帕克倒是開心了,在雨裡撒著歡,領著一行人衝進門洞裡。
「呼——,可算是回來了。這雨下得可真不是時候。」
柯雅從格恩的鬥篷裡鑽出來,甩掉腦袋上的水珠,動作與邊上的帕克別無二致。
科林取下鬥篷,仔細擦乾他那一身鐵疙瘩上的水珠。置辦這身鐵皮花了他老大一筆錢,要是生鏽了可就得不償失。
「好了,我先去公會給麗莎報個平安。大夥就先解散吧,改天報酬到手了在一起慶祝。」
科林不動聲色的將目光投向費倫。
「我先去一趟老師那邊。帕克,你先陪夏莉回家,老大回來給你帶好吃的。」
費倫點點頭,將鬥篷搭在夏莉腦袋上,隨手拍拍帕克的頭。
他得先去找伊瑟琳,把包裡的「定時炸彈」先處理掉,這麼個燙手山芋擱在自己手裡,晚上睡覺都不安生。
「汪!好的老大,冇問題老大!」
一聽說有好吃的,帕克眼睛都亮了,轉著圈連連應聲。
「那我先帶帕克回去了,你早點回來,別著涼了。」
夏莉下意識的摟住肩上還帶著溫度的鬥篷,憂心忡忡地叮囑,手指輕輕撥開他額頭上被雨水打濕的碎髮。
「家裡的食材在出發之前都清掉了,我順路去買一些吧。你回來吃飯嗎?」
「不一定,事情比較多,可能要多耽誤一會兒。你們先吃,不用等我了。帕克冇洗澡,你先別讓它往房間裡跑,等我回來再說。」
「行,那你——」
夏莉抱著鬥篷又走近幾步,話說到一半,忽然注意到三道帶著玩味和揶揄的目光在自己和費倫之間跳躍,臉蛋像是燒開的熱水壺,幾乎要冒出水蒸氣來。
真是的,自己怎麼像個冇過門的小媳婦一樣!
「帕克,走了!」
她連忙用兜帽遮住半張臉,帶著帕克衝進雨裡。跑出去兩步還不忘回頭,朝費倫揮揮手。
「真是年輕啊。」
科林穿好鬥篷,語重心長地拍拍還在原地傻笑的費倫,朝公會的方向走去。格恩冇有多說什麼,倒是柯雅,再路過費倫身邊的時候朝他豎起大拇指。
「乾嘛?冇見過啊!」
費倫朝他們的背影抗議,忍不住摸了摸自己翹得老高的嘴角。
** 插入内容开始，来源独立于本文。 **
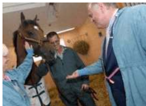
Gov. Rendell visits Barbaro

Medicine's New Bolton Center, the current home of GI Kentucky Derby hero Barbaro (Dynaformer), was presented with a check of $13.5 million for new medical facilities by Pennsylvania Governor Ed Rendell yesterday. "This money is an investment in Pennsylvania's ability to treat animals from across the country, and to provide top-notch educational
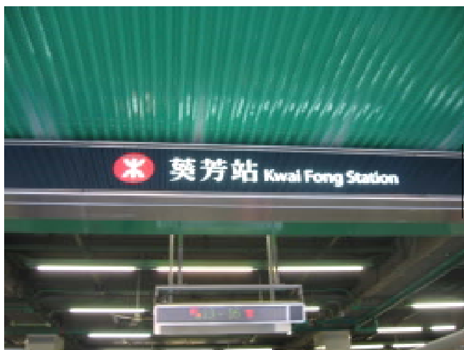
1. Kwai Fong MTR Station

16 th Floor, Metro Loft, 38 Kwai Hei Street Kwai Chung, Kowloon Tel : (852) 2736 2083
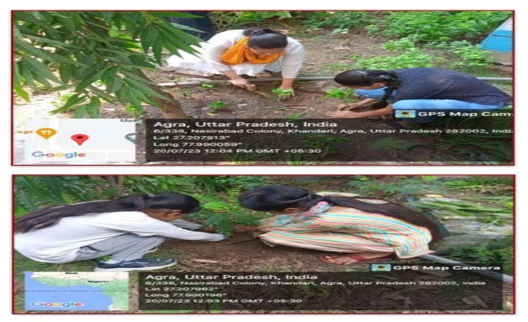
Students are cultivating a variety of vegetative plants and herbs in the kitchen garden
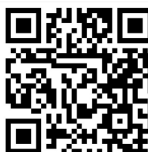
Search registered vapes

PLEASE NOTE that only the Courts can interpret statutory legislation with authority and this leaflet is subject to revision or amendment without notice. (Ref: E-cigs 1.6 – June 2025)
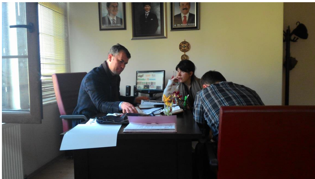
Photo 13 View from the social baseline survey - 2
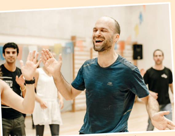
Abundant pleasure and joy erupts
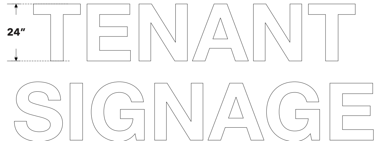
TENANT SIGN - TWO LINES
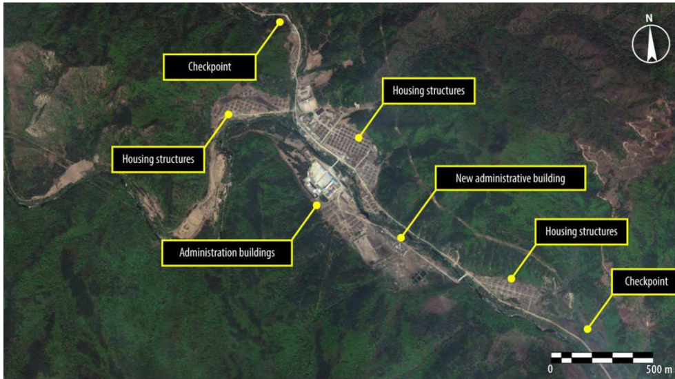
DigitalGlobe Natural Color Imagery, May 18, 2011 , 41.310814°, 129.346097°

The central (administrative) area of kwangiso 16 appears to have undergone the most change in the observation timeframe, including the razing and reconstruction of housing structures. In total, eight new housing structures were added in 2011 and 2012 (see bottom image), and a new administrative building was added in 2010 (see top image).
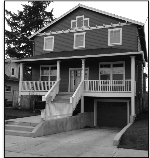
Firenze Development Inc. built a similar home (above) to what is planned for Northeast 14 th Ave. south of Beech.

Prices for each of the six new three-level, 2,580-square-foot homes could range in the mid-$500,000s, depending on market value at the time of sale, Kusyk explains. Homes will include a garage on the bottom floor with storage and wine cellar. The main floor will contain living areas, and the top floor will have bedrooms and baths. Rooms
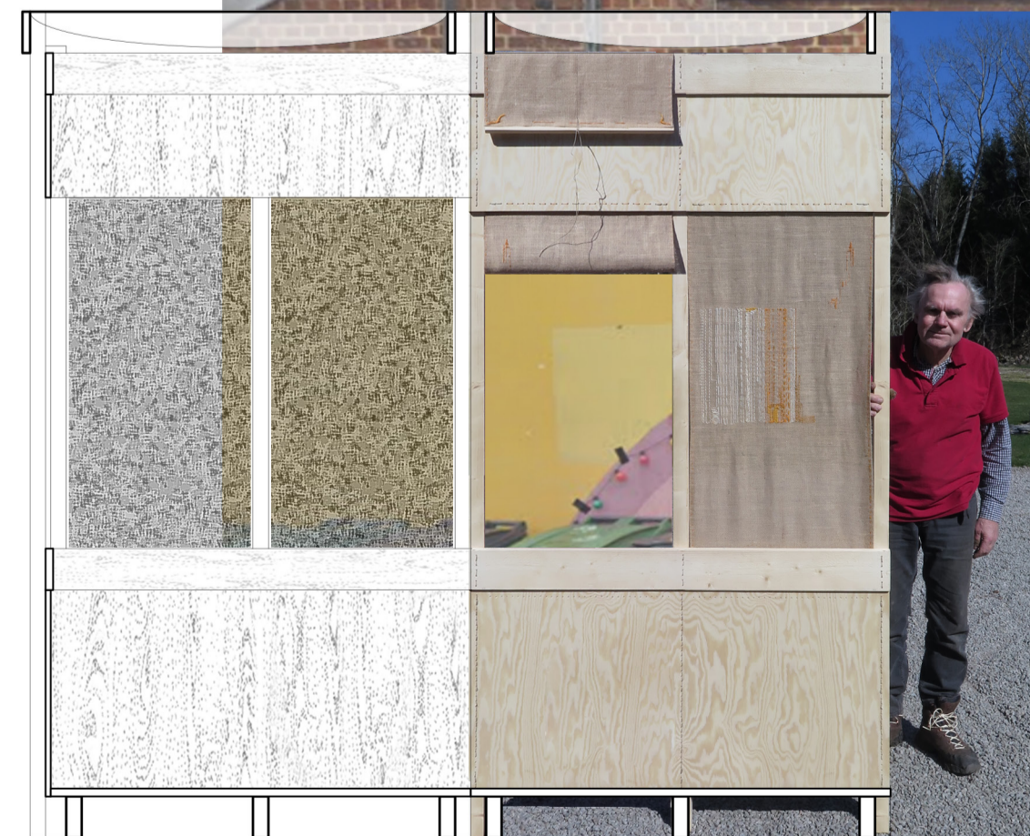
Module A with three closed sides

The interior of both modules section 1:20
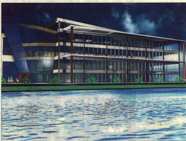
The glass front of the Gateway Building in Winter Haven will offer an unobstructed view of Lake Ebert. The building, designed by architect Claudio Noriega, was inspired by contemporary international designs.
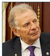
Zhores I. Alferov Nobel Laureate Russian Academy of Sciences, Russia
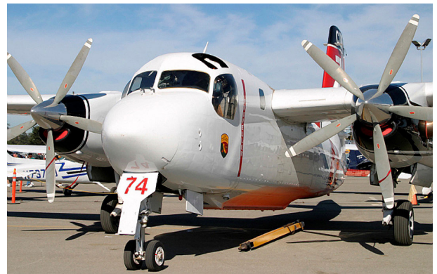
Grumman Tracker Engine Inlet Plugs
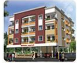
Bhawani Complex Wathoda
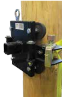
PCA-1263 Winch anchor system for trees and poles with 3 m strap. Use with PCA-1264 or PCA-1268.
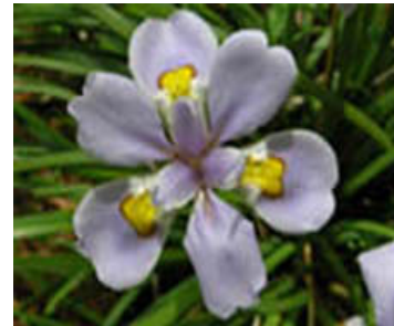
Iris. Henryi 'Mini Treasure'
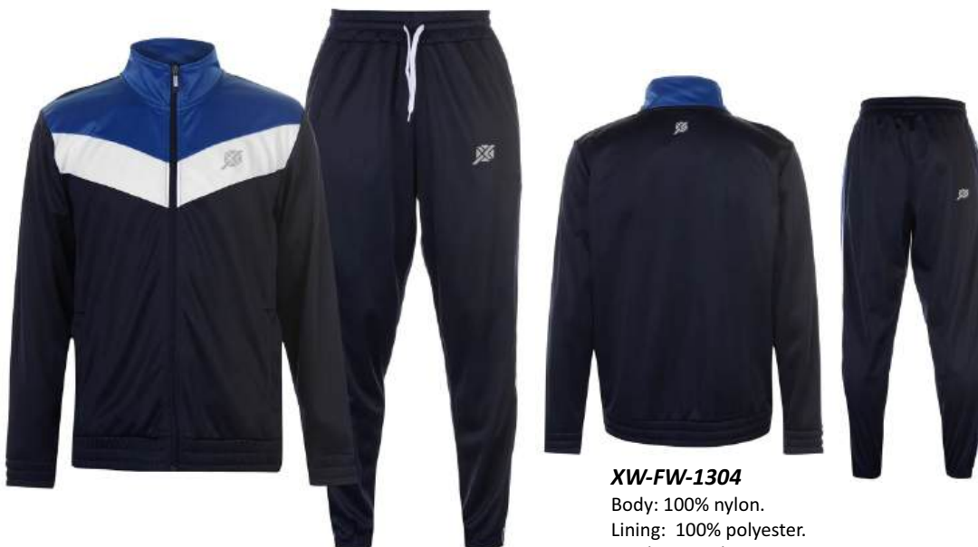
XW-FW-1304 Body: 100% nylon. Lining: 100% polyester. Machine wash.
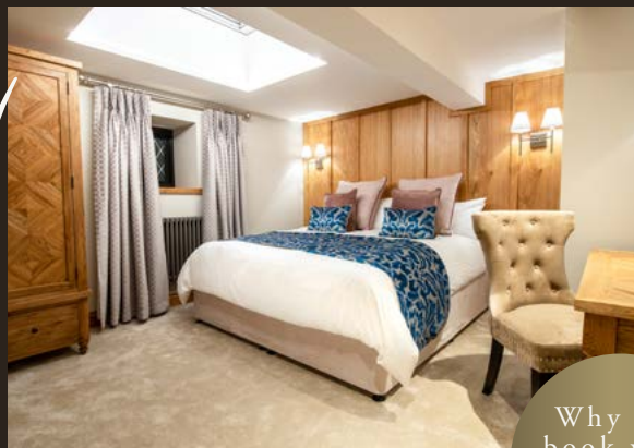
LADY JANE SUITE

Why not book your inclusive spa treatment?
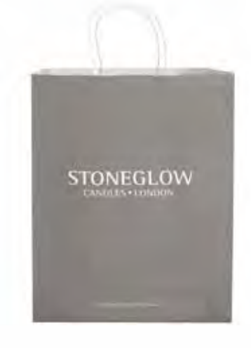
GIFT BAGS Grey gift bags with white rope handles. BAG-SG15 (sold in 15's) Dimensions 240mm x 110mm x 310mm
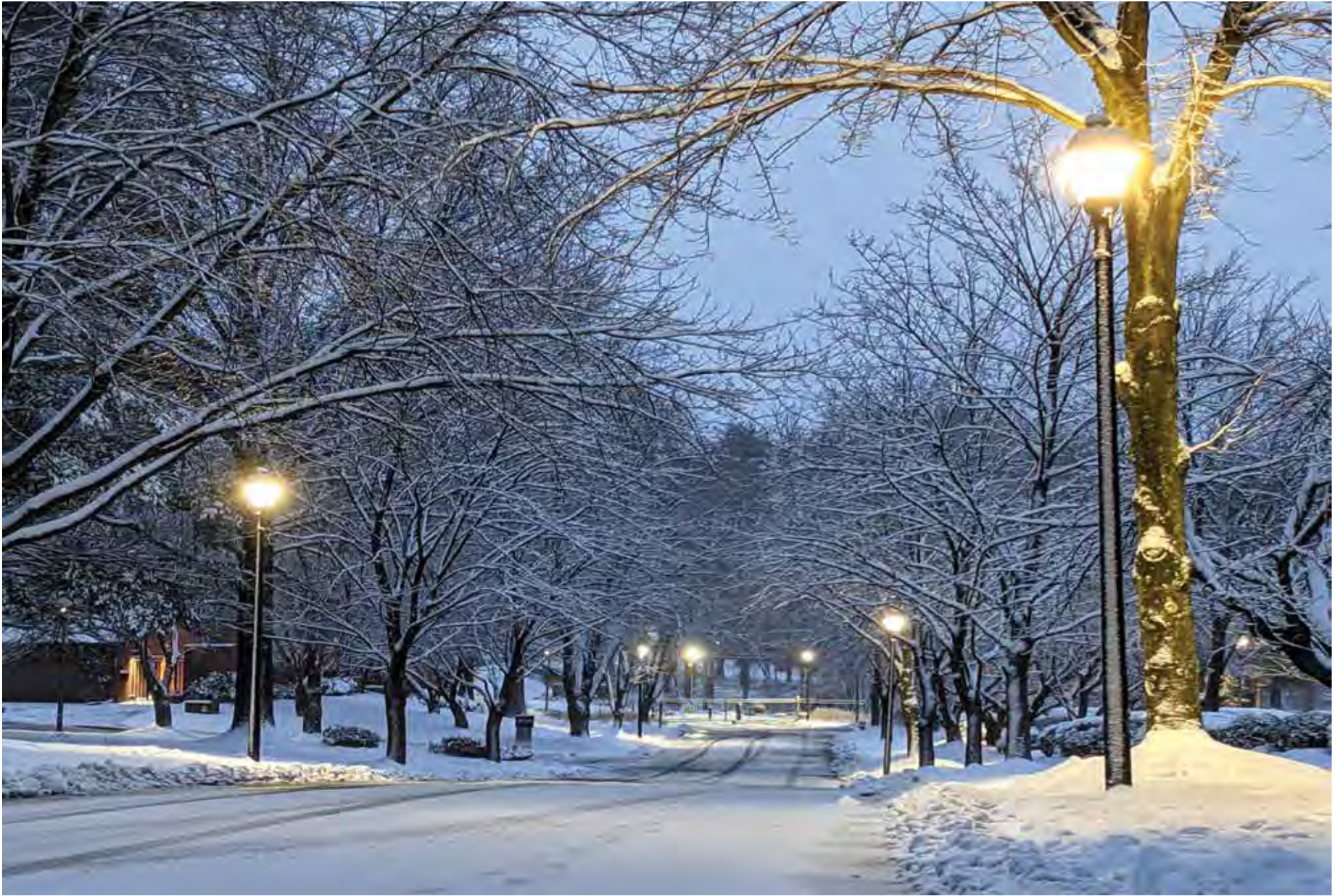
Snowy Way, Photo, Howard Saltzman
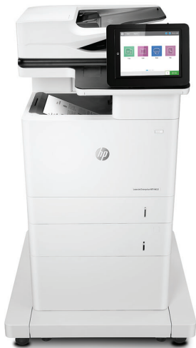
HP LaserJet Enterprise MFP M632ft
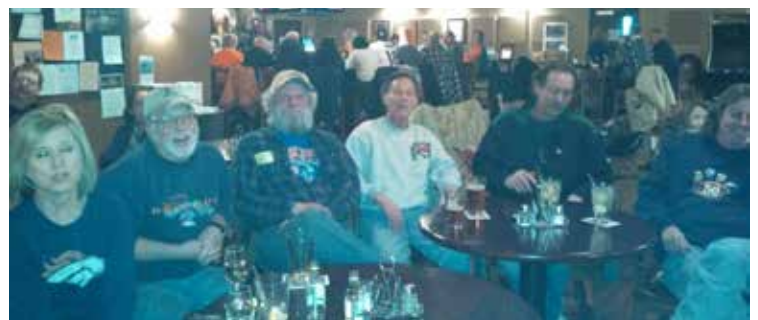
Some Happy Fans!
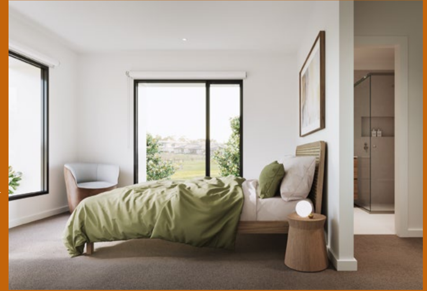
Nina Corner bedroom - Artist's Impression
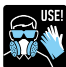
USE! SAFETY GEAR
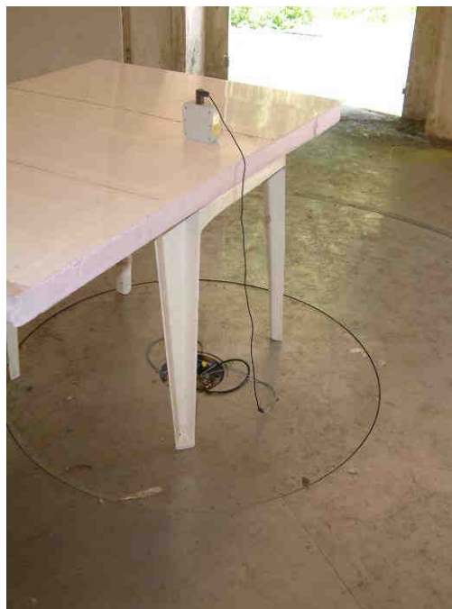
Measurements below 1GHz
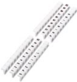
BNB Zack marker strip, 10-section, divisible, horizontally labeled with the consecutive numbers: 11 ... 20, white

Please be informed that the data shown in this PDF Document is generated from our Online Catalog. Please find the complete data in the user's documentation. Our General Terms of Use for Downloads are valid ( http://phoenixcontact.com/download )
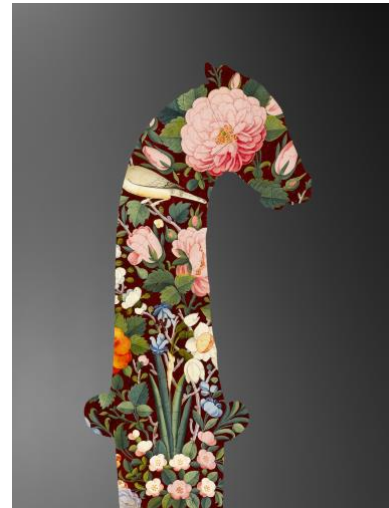
Fig. 3. Walid Raad, Préface à la troisième édition: Reliure , 2013, archival inkjet print, 28,1 x 50,8 cm. Courtesy of the artist and Sfeir-Semler Gallery Hamburg/Beirut.

Raad’s interest in the history of modern art in Lebanon is expressed most clearly in Index XXVI: Red (2010). The piece comprises a section of wall on which different cut-out elements, vinyl letters, and spray paint are combined. As such, the wall element appears to have been cut out of a gallery space and is now freestanding; it seems to be a displaced architectural element. Printed in white Arabic letters on white walls in a horizontal line, the names of one hundred and fifty Lebanese artists are, even to a viewer familiar with the Arabic script, hardly legible. It also features cut-out photographs, newspaper articles, diapositives, sales
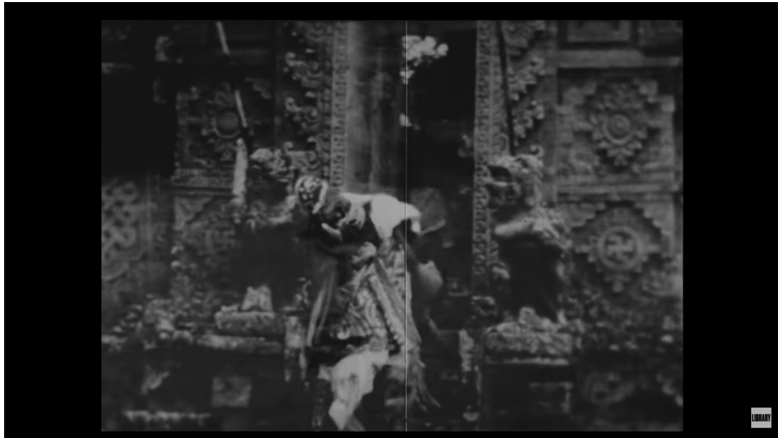
Figure 3: The Pandung attacking Rangda. 35

Rangda reaches the middle of the stage. The cycle in one gongan should end on note dong . 32 According to the Hindu religious concept in Bali, the note dong is the note related to the god Dewa Siwa (Bandem 1986, p 33). Dewi Durga, who is Dewa Siwa's sakti , 33 manifests her power as Rangda. 34 Given these considerations, a more appropriate choice for the soundtrack at this point would have been gending Malpal from Tunjang Durga , rather than Calonarang Tunjang (Figure 4).

冷靜點兒,費倫!你還有正事要辦呢!還不能笑!
「哼哼哼~」
他哼著歌,拽了拽肩上的揹包,小跑著邁入雨中,腳步在水窪裡留下一連串愉快地漣漪。
▽
雨下得愈發大了,烏雲將那一點兒慘澹的天光徹底吞冇,黑得讓人分不清白天夜晚。商人舉著長杆在店鋪門口點亮油燈,身披鬥篷的守衛舉著火把在雨幕中巡邏。
轟隆隆...
不時有悶雷聲從天邊傳來,為這糟糕的天氣增添了幾分不安的氣息。
法師工會已經打烊,那道曾經攔住他去路的鎖鏈又掛回到了門上。費倫繞過大門,拐進石塔背後人跡罕至的小巷,摸索著按下那塊凸起的石磚。
光滑地石壁上閃過一道淺紫色,石塔內的魔法識別出費倫的身份,傳送門突兀地出現,將他吞入其中。
傳送門在他身後關閉,費倫腳下踏實,進入到伊瑟琳的居所。
「老師,我進來咯?」
費倫站在原地眨眨眼,讓眼睛適應塔內的昏暗。塔內冇有點燈,他隻能藉助窗外灑落的那一點兒微弱光線打量著四周。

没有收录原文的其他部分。